The museum artifacts are displayed according to topic and include interactive presentations incorporating texts, visual aids, authentic photographs and film. Upon request one can view documentary films produced by the Open Museum itself about the history of German-speaking immigrants to Israel.

=== Hermann Struck Exhibition ===
In the exhibition rooms works of the painter and etcher Hermann Struck (1876–1944) are shown. The exhibition focuses on Struck's artistic activities during his years in Haifa. Beyond that it shows materials from the personal bequest of the artist.

=== Historic pioneer cabin ===
A speciality of the museum is an original cabin from the early days of Nahariya, relocated to the museum. It was built in 1936 and is furnished as it was in the olden days, with a bed, a commode, old books and a simple shower device.

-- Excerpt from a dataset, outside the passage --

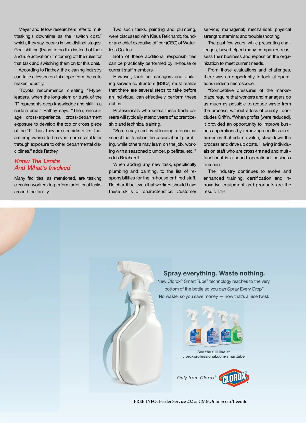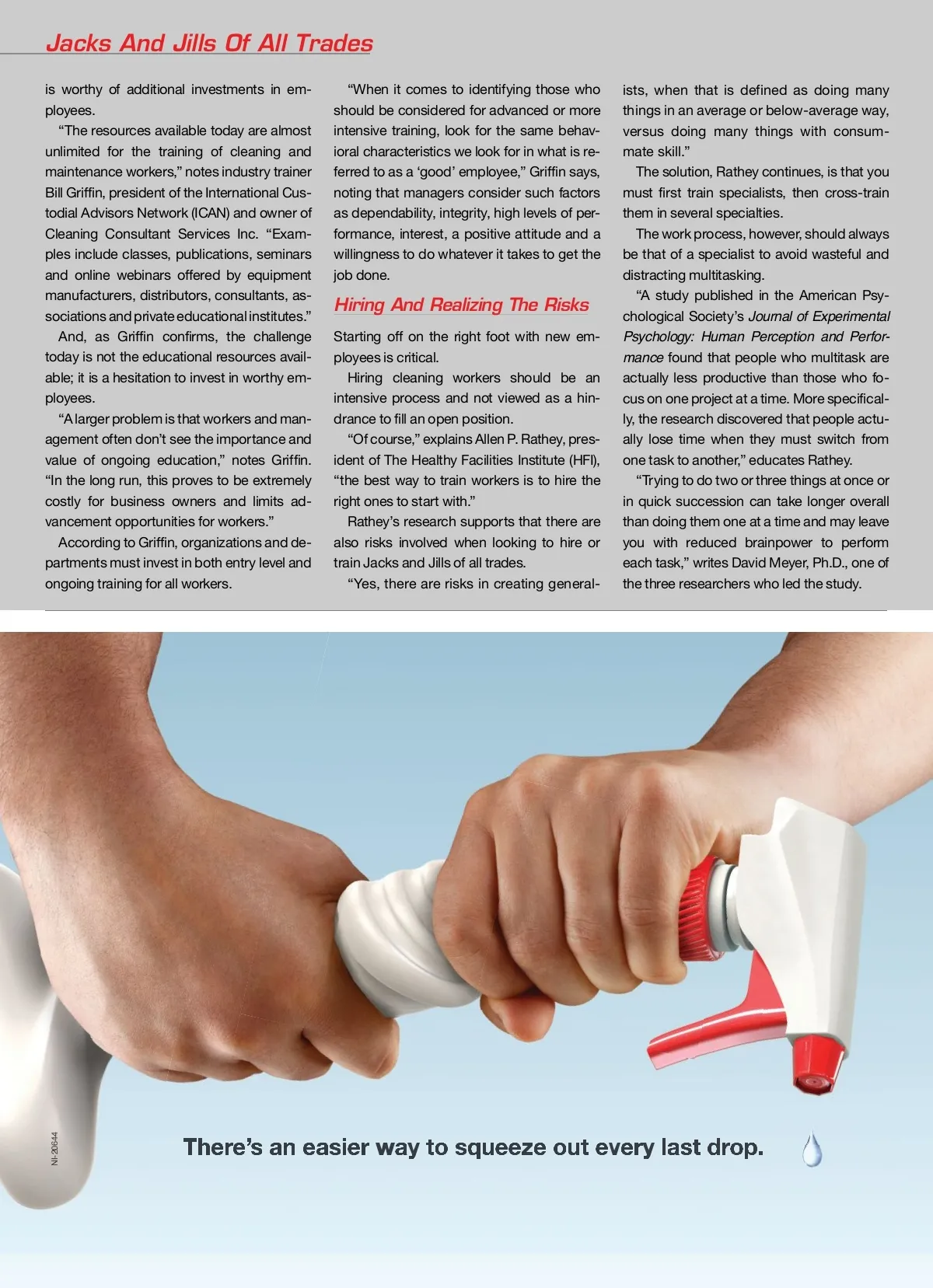 Jacks And Jills Of All Trades is worthy of additional investments in em-ployees. “The resources available today are almost unlimited for the training of cleaning and maintenance workers,” notes industry trainer Bill Griffin, president of the International Cus-todial Advisors Network (ICAN) and owner of Cleaning Consultant Services Inc. “Exam-ples include classes, publications, seminars and online webinars offered by equipment manufacturers, distributors, consultants, as-sociations and private educational institutes.” And, as Griffin confirms, the challenge today is not the educational resources avail-able; it is a hesitation to invest in worthy em-ployees. “A larger problem is that workers and man-agement often don’t see the importance and value of ongoing education,” notes Griffin. “In the long run, this proves to be extremely costly for business owners and limits ad-vancement opportunities for workers.” According to Griffin, organizations and de-partments must invest in both entry level and ongoing training for all workers. “When it comes to identifying those who should be considered for advanced or more intensive training, look for the same behav-ioral characteristics we look for in what is re-ferred to as a ‘good’ employee,” Griffin says, noting that managers consider such factors as dependability, integrity, high levels of per-formance, interest, a positive attitude and a willingness to do whatever it takes to get the job done. ists, when that is defined as doing many things in an average or below-average way, versus doing many things with consum-mate skill.” The solution, Rathey continues, is that you must first train specialists, then cross-train them in several specialties. The work process, however, should always be that of a specialist to avoid wasteful and distracting multitasking. “A study published in the American Psy-chological Society’s Journal of Experimental Psychology: Human Perception and Perfor-mance found that people who multitask are actually less productive than those who fo-cus on one project at a time. More specifical-ly, the research discovered that people actu-ally lose time when they must switch from one task to another,” educates Rathey. “Trying to do two or three things at once or in quick succession can take longer overall than doing them one at a time and may leave you with reduced brainpower to perform each task,” writes David Meyer, Ph.D., one of the three researchers who led the study. Hiring And Realizing The Risks Starting off on the right foot with new em-ployees is critical. Hiring cleaning workers should be an intensive process and not viewed as a hin-drance to fill an open position. “Of course,” explains Allen P. Rathey, pres-ident of The Healthy Facilities Institute (HFI), “the best way to train workers is to hire the right ones to start with.” Rathey’s research supports that there are also risks involved when looking to hire or train Jacks and Jills of all trades. “Yes, there are risks in creating general-NI-2 NI-2 064 0 644 44

Hugo-Zwi Schatzman (1900–1976) and his wife Lea-Gertrud, née Wallach (1906–1983) immigrated to Palestine from Germany in the year 1934. In preparation for their emigration they joined the league Blau-Weiß (Blue-White) in the Zionist youth movement, which followed the Zionist program of Hakhshara, where Hugo-Zvi learned to be a carpenter and Lea-Gertrud to be a barber and nursemaid. After their arrival in Palestine their group was sent to the kibbutz Ein Harod. In 1935 the couple moved to Nahariya and bought a parcel of land there at the corner of Weizman and Hanita street, where they built two settler shacks. In the bigger one of the two shacks they lived and used the smaller one as a storage. With the years the usage of the shacks adapted to the changing needs of the owners. In 1946 the Schatzmans sold the parcel to the Pisker family, which built a stone house at the side of the shacks. In the year 2010 the family sold the parcel. When a new apartment building was supposed to be built there, older Nahariyans (especially the glass factory owner Andreas Meyer) organised the preservation of the bigger shack as a historical testimony of the settler years. The Israeli society for the preservation of historical legacy took over the project and transferred the shack to the museum in Tefen.

==="Now It Can Be Told"===
The "Now It Can Be Told" exhibit is based on family stories about "changes of identity, false papers, secrets behind objects, unconventional migration, flight and professional retraining," according to the museum’s curator, Ruth Ofek.

== Library ==
The museum library contains more than 5000 books, mostly in German, which convey a broad overview of the contribution of German Jews in the fields of prose, poetry, philosophy, science and politics, as well as of scientific literature dealing with Central Europe's Jewry.

== Archive ==
The museum's archive preserves various historical documents like certificates, letters, photographs and numerous objects, given to the museum. In this way it helps scientists from Israel and abroad with their research about the history of German-speaking Jewry.